Zimbabwe will be a different country by March- Eddie Cross

In a very real sense the same thing applies today. The government of Mr Mugabe had simply resumed control of the State after the GNU came to an end and for them it was ‘business as usual’. The looting resumed, the printing of money again became a problem as they tried to cover the fiscal deficit that was doubling every year and Mr Mugabe pretended that he was in the driver’s seat of this broken down bus until he was a 100.

When Emmerson Mnangagwa took power in November 2017, he took almost everyone by surprise. What rocked the world was ordinary Zimbabweans response, they came out on the streets in celebration – not of the change of government but the final political demise of the Mugabe family. The army were greeted as heroes and I have never seen so many army soldiers kissed on the streets – not since the end of the Second World War. The people of this very special country sealed the deal with this massive, spontaneous, response.

Then, once the situation had settled down, the army went back into their barracks – a peaceful, disciplined withdrawal. One ambassador said to anyone who would listen that he would never underestimate the army again. Not a window broken, not a stone thrown, not a single vehicle overturned and burnt. It demonstrated the essentially Christian character of the country and the discipline of our armed forces.

The problem was that all the players in the new government were recycled from the old regime. What we failed to see that in fact a tiny fraction of the ZANU-PF party had taken control and had very different views on what had to be done to ‘fix’ the country. Zimbabweans sensed this and there was talk of ‘who is in control’ and can ED survive? But if we looked carefully the perspective had changed significantly.
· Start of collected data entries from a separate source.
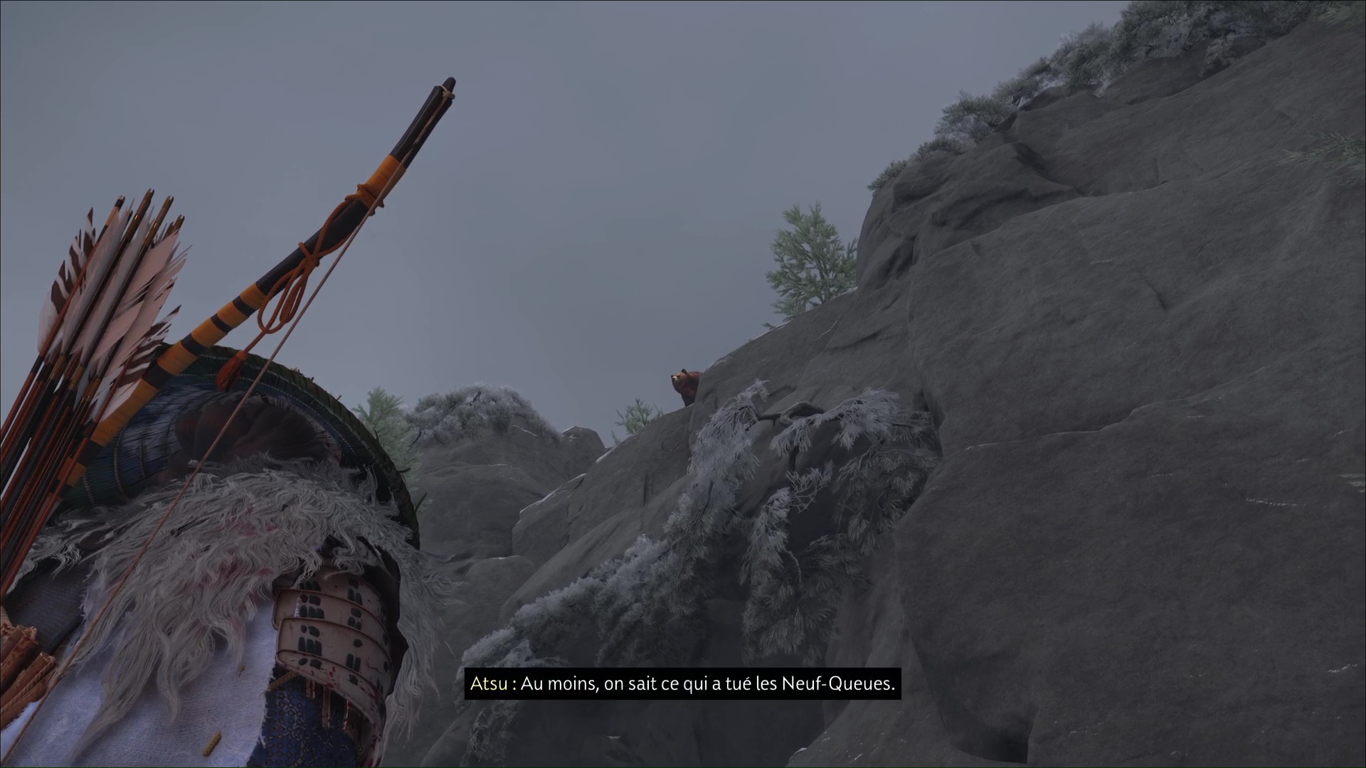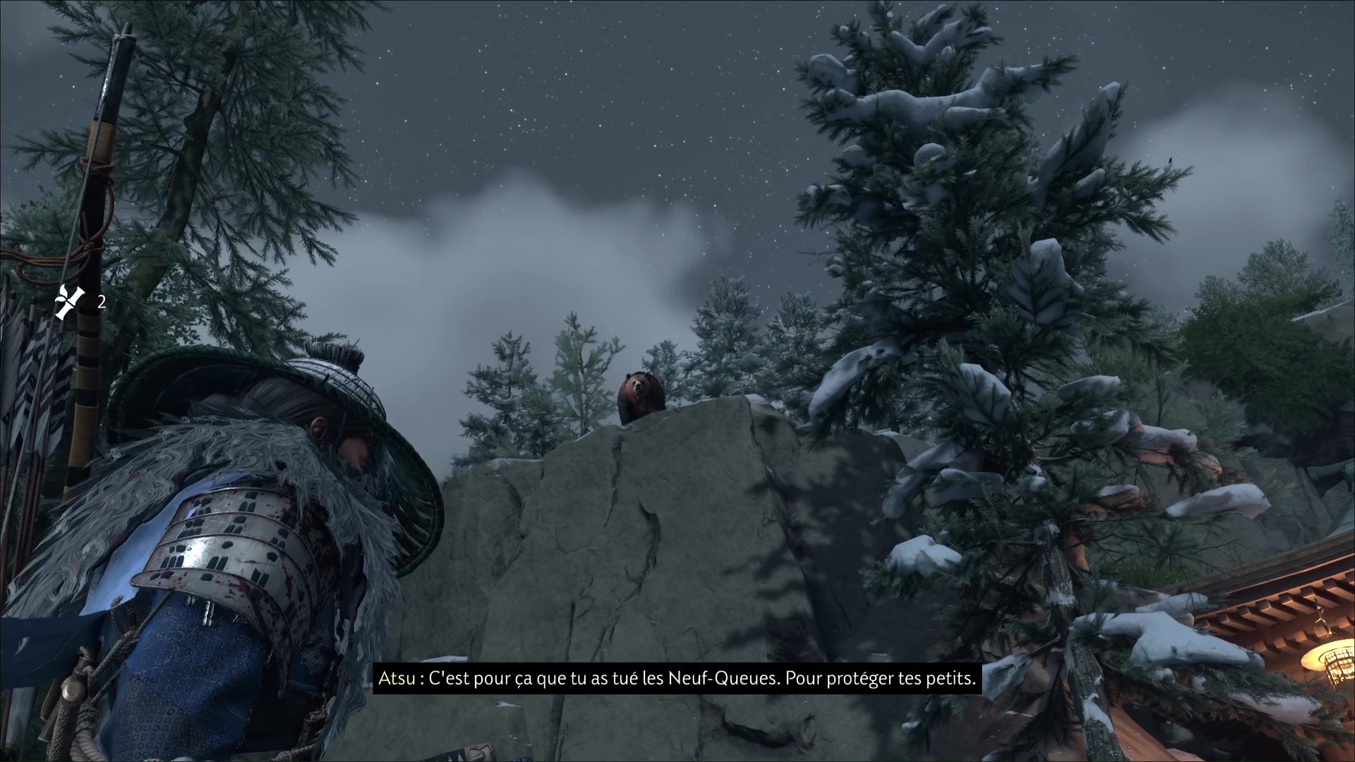 Examinez les corps pour constater que la cause des meurtres n’est pas forcément humaine. Quelques mètres plus loin, un renard est enfermé dans une cage. Libérez-le et suivez-le. Soudain, Atsu aperçoit, en hauteur, un ours, probablement le responsable de la tuerie.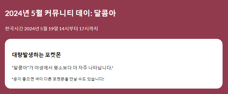 포켓몬고(Pokémon GO)에서 5월 커뮤니티 데이: 달콤아 이벤트가 2024년 5월 19일 14시부터 17시까지 진행된다.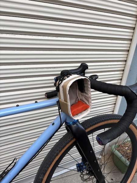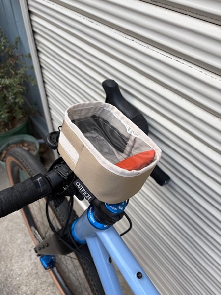 付属のストラップでハンドルやステム、フロントバッグなどにも装着することが可能。内側にポケットがついているのでアクスタを収納もできます。座布団付き。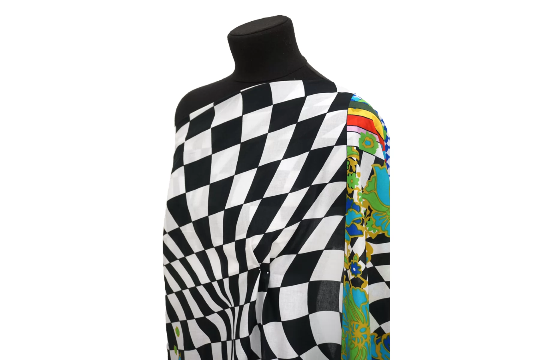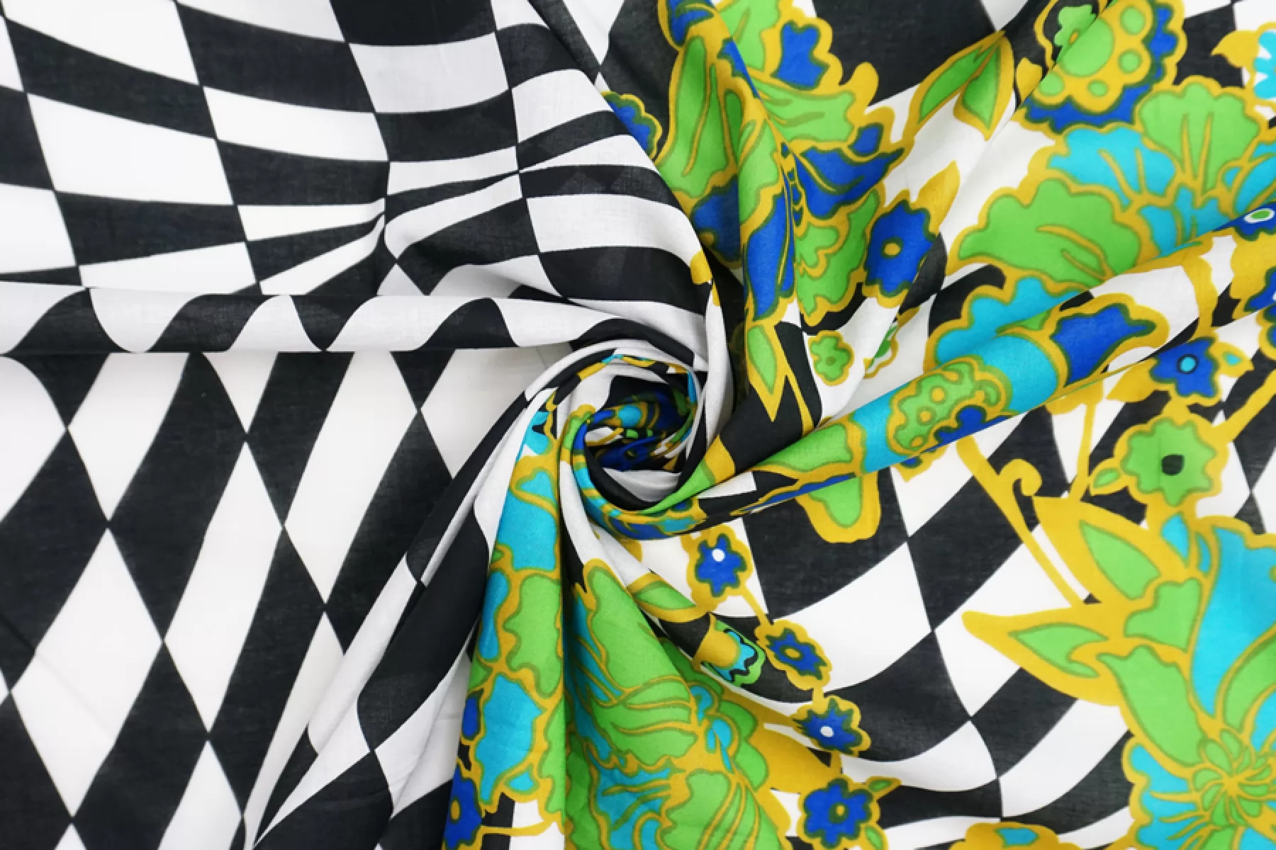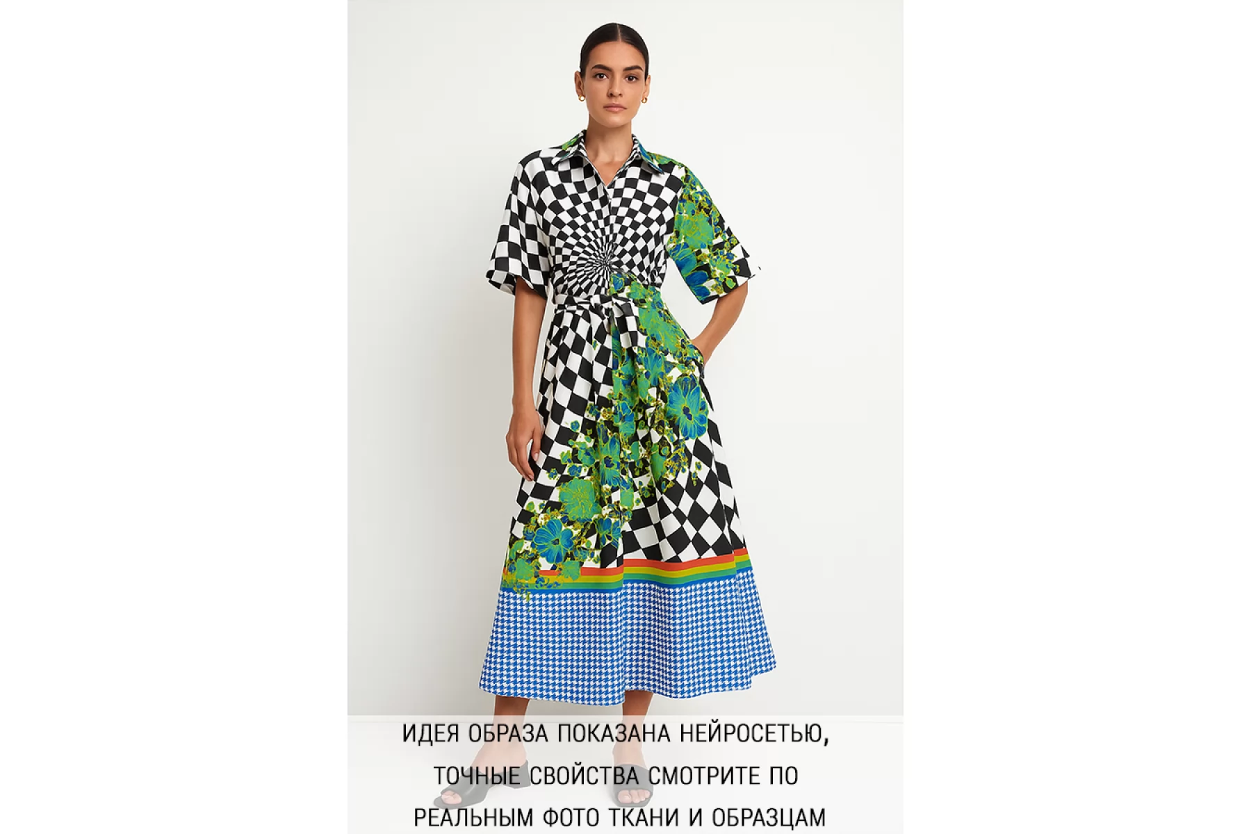 Тонкий рубашечный хлопок Max Mara с оригинальным абстрактным принтом в черно-белую клетку с зелено-синими цветами. Принт купонный! Размер купона 155 см. Материал тактильно приятный, гладкий и легкий. Немного просвечивает. Мнется. Хорошо держит форму и драпируется. Отлично подойдет на легкие летние рубашки, платья, сарафаны и юбки. При необходимости используйте подкладочный материал.

In a week, the new President changed the entire membership of the Joint Operations Command, an institution that had effectively been a parallel government for the past 38 years. He appointed new leadership of every security function – choosing men who are professionals in their fields and largely from ZIPRA veterans. I thought that was an amazing step given the fact that he had just used the old leadership to secure a transfer of power. In a way he was building a fire wall between the past and the future.

In March 2017, when approached to consider a national government without an election in 2018, Emmerson had responded with the view that Zimbabwe had to hold a reasonably free and fair election if it was to gain international recognition and support. In my view he was to hold true to that view and in the process put his whole political future on the line. He could easily have lost the election and the final margin of just 30 000 votes or 0.6 per cent, was simply too tight to call. Or for comfort. But the gamble paid off.

Again perspective was important – what the opposition failed to see was that the international community was fed up with the constant crisis in Zimbabwe and wanted to engage and get the country’s international relations back to normal. What they also failed to see was that the new President was determined to do just that.